Nathan Fernandes

Personal information
- Full name: Nathan Shane Fernandes
- Born: 26 April 2004 (age 22) Margao, Goa, India
- Batting: Left-handed
- Bowling: Slow left-arm orthodox
- Role: All rounder

Domestic team information
- 2023–present: Middlesex (squad no. 18)
- FC debut: 12 April 2024 Middlesex v Northants
- LA debut: 24 July 2024 Middlesex v Worcestershire

Career statistics
| Competition | FC | LA | T20 |
| Matches | 14 | 24 | 7 |
| Runs scored | 478 | 740 | 11 |
| Batting average | 20.78 | 35.23 | 2.75 |
| 100s/50s | 1/2 | 1/3 | 0/0 |
| Top score | 103 | 112 | 8 |
| Balls bowled | 313 | 324 | 78 |
| Wickets | 5 | 5 | 4 |
| Bowling average | 44.40 | 61.40 | 35.00 |
| 5 wickets in innings | 0 | 0 | 0 |
| 10 wickets in match | 0 | 0 | 0 |
| Best bowling | 3/53 | 2/31 | 1/6 |
| Catches/stumpings | 5/– | 5/– | 1/– |
- Source: Cricinfo, 27 September 2026

= Nathan Fernandes (cricketer) =

English cricketer

Nathan Shane Fernandes (born 26 April 2004) is an English professional cricketer who plays for Middlesex County Cricket Club. He is a left-arm orthodox spin bowler and left-handed batsman. He made his first-class cricket debut for Middlesex on 12 April 2024 against Northants. He made his T20 Blast debut for Middlesex against Surrey on 25 May 2023.

==Early life==
Fernandes is of Goan descent. He joined the Middlesex County Cricket Club Academy at U12 level. He was also a keen swimmer in his youth.

==Career==
In 2022, he featured six times in the 2nd XI Championship for Middlesex Second XI, scoring 171 runs. He also represented the England Young Lions.

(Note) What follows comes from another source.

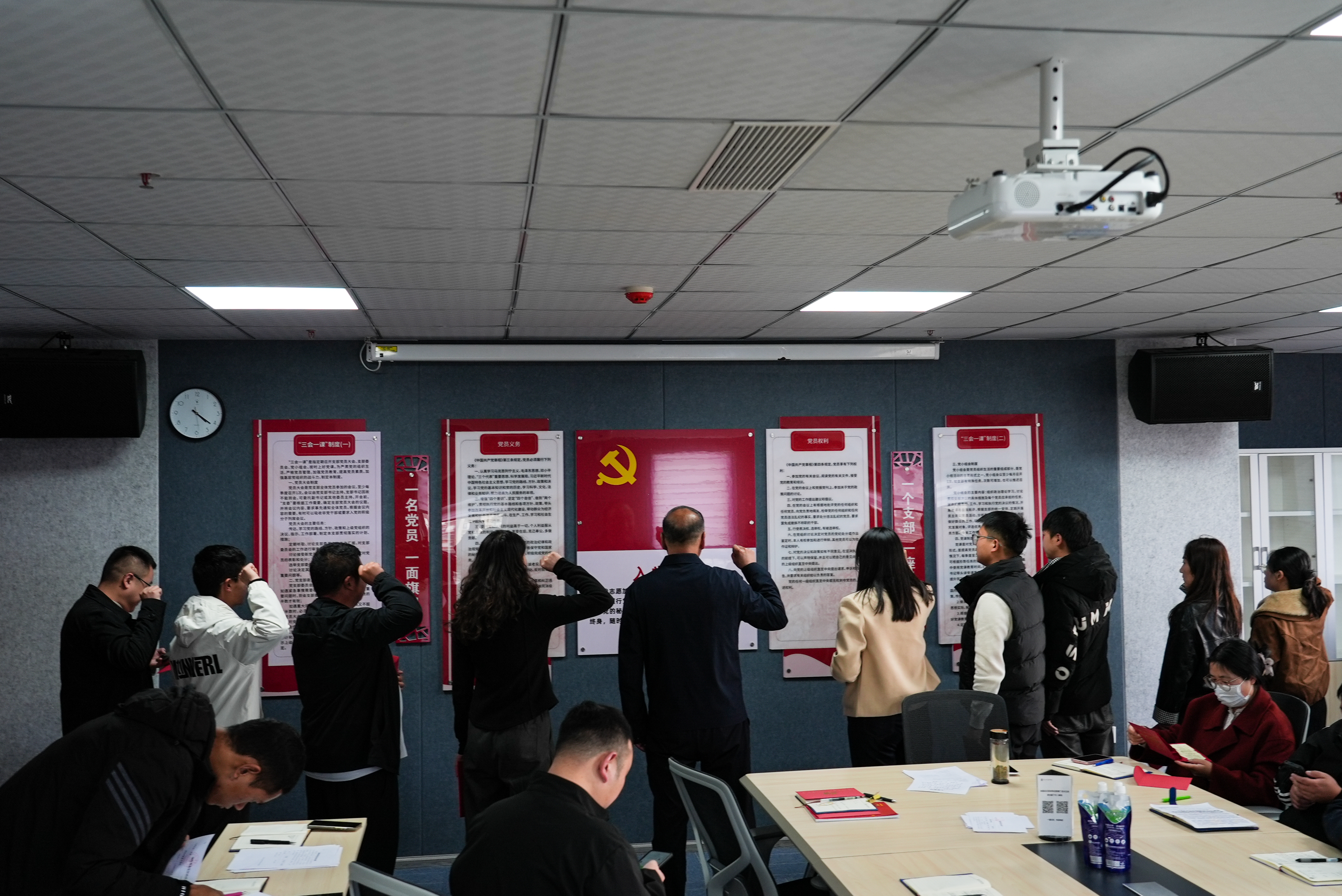 会议最后为党员过“政治生日”。曾隆槐代表支部向过“政治生日”的党员赠送贺卡。党员代表发表深情的“生日感言”,回顾入党初心,分享成长历程。表示在今后的工作中,将把这份组织的温暖与激励,转化为强大的精神动力,持续强化理论武装,深入学习党的创新理论,不断提高政治判断力、政治领悟力、政治执行力。将始终保持思想上的先进性和纯洁性,时刻牢记党员身份,恪尽职守,勇于担当,在本职工作中再创佳绩。最后,在曾隆槐同志的领誓下,过“政治生日”的党员面向党旗,重温入党誓词,铿锵有力的誓言回荡在党员活动室,再次坚定了大家的理想信念。

Fernandes made his T20 Cricket debut for Middlesex on 25 May 2022, against Surrey. He took a wicket with his second ball, bowling to Sunil Narine in the power play. In November 2022, Fernandes signed a first professional contract with Middlesex.

He made his First-class cricket debut for Middlesex against Northants on 12 April 2024 aged 19 years-old. He scored 103 in the Middlesex first innings to become the youngest Middlesex first-class debutant to score a century since 1862.

Fernandes signed a new contract with Middlesex in February 2025, tying him into the club until the end of the 2027 season.

==Personal life==
Fernandes studied a Business and Management degree at Royal Holloway University.